Benefits to businesses may be illusionary; no housing rise seen

BY BOB ZULEY - News Star - July 16, 2025 (pdf)

The City is hoping to move ahead with the Broadway Upzoning framework despite a lack of studies, planning, neighborhood cooperation and policy implementation. Any benefits the City touts may be illusionary.

Instead, neighbors say this is a ham-handed, bulldozer-approach befitting an insider-deal charade thrust upon the residents and stakeholders of Edgewater who feel they lack an elected ward spokesperson to speak as an advocate on their behalf.

What the City is unlikely to tell Edgewater stakeholders is the apposite destruction of community businesses and rising property taxes.

Andrea Raila is a specialist in property taxes and a former candidate for Cook County Tax Assessor in 2018. She is a senior tax analyst and property management instructor at Raila & Associates, P.C. She resides in Edgewater.

Raila says that in the valuation of commercial property, the Cook County Assessor specifically considers the potential highest and best use of a property under its current zoning.
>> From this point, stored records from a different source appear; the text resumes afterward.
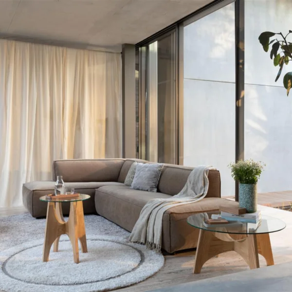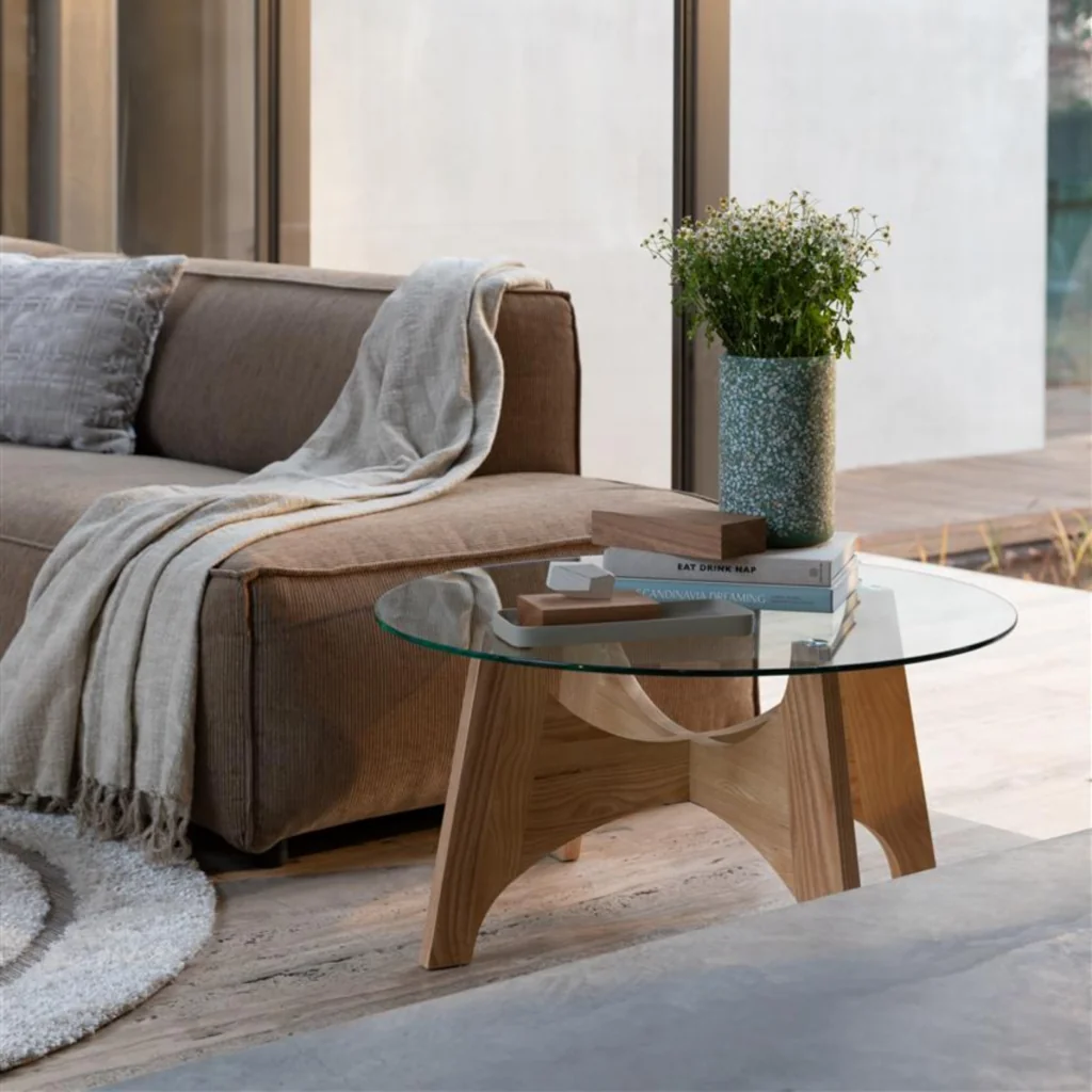 Avec son piètement arqué en bois de frêne, la table basse Kobe apporte une note graphique tout en finesse.
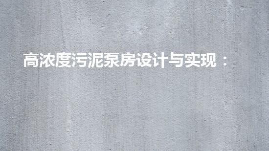 高浓度污泥泵房设计与实现:以长治为例
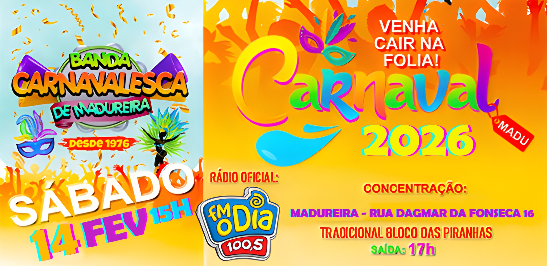 Sábado de Carnaval, 14 de Fevereiro, tem a Banda Carnavalesca de Madureira, a partir das 3 da tarde, na Rua Dagmar da Fonseca, em Madureira. E a FM O Dia vai marcar presença com muitos brindes e animação pra galera. Rádio Oficial: FM O Dia.

So a property with a B3-5 zoning would have a significantly greater development potential than a property zoned B1-2, thus a higher property value and therefore higher property taxes.

However, Illinois Policy points out in a 2023 study that Chicago had the second highest commercial property taxes in the U.S. Chicago’s property tax rate of 3.78% is more than double the U.S. average for the largest cities in each state according to a study from the Lincoln Institute of Land Policy and the Minnesota Center for Fiscal Excellence.

What this suggests is that the owners of commercial properties facing higher property taxes may find it beneficial to sell their properties to developers.

In an independent report done by Yonah Freemark entitled “Upzoning Chicago: Impacts of a Zoning Reform on Property Values on Housing Construction,” and published in Urban Affairs Review, Freemark studies “recent Chicago upzonings that increased allowed densities and reduced parking requirements in a manner exogenous of development plans and neighborhood characteristics.”

The Broadway Upzoning framework is about increasing building height and density while allowing for reduced parking requirements in this Transit Oriented Development [TOD] zone.

Freemark “... detect[ed] significant, robust increases in values for transactions on parcels that received a boost in allowed building size. [He] also identified value increases for residential condominiums, indicating that upzoning increases prices for existing housing units.” [Freemark indicated that it seems reasonable to extrapolate that whatever forces changed the prices of owned units would also affect rented ones.]“I find no impacts of the reforms, however, on the number of newly permitted dwellings over five years. As such, I demonstrate that the short-term, local level impacts of upzoning are higher property taxes but no additional new housing construction.”

Freemark found that “... one effect of upzoning is a short-term increase in property transaction prices. First, the upzone for increased construction (density classes) quickly increased transaction values.”

“This is a sign that land prices adjusted to the expanded ability to build, providing a one-time boost to incumbent landlords and suggested interest in future developments at higher density.”

“Second, the finding that the reduction in parking requirements (parking classes) had a greater impact on the value of vacant land suggests that the upzoning largest impact will be on land ripe for building.”

“An increase in housing unit-level values may suggest that affordability for potential new owners on affected parcels declined with upzoning,” Freemark wrote.

This is what critical thinkers not aligned with City Hall have been saying since the Broadway Upzoning Framework debacle was announced in the Winter of 2024. There is still time to pause the rush to upzone and study the matter responsibly, if the political will can be found.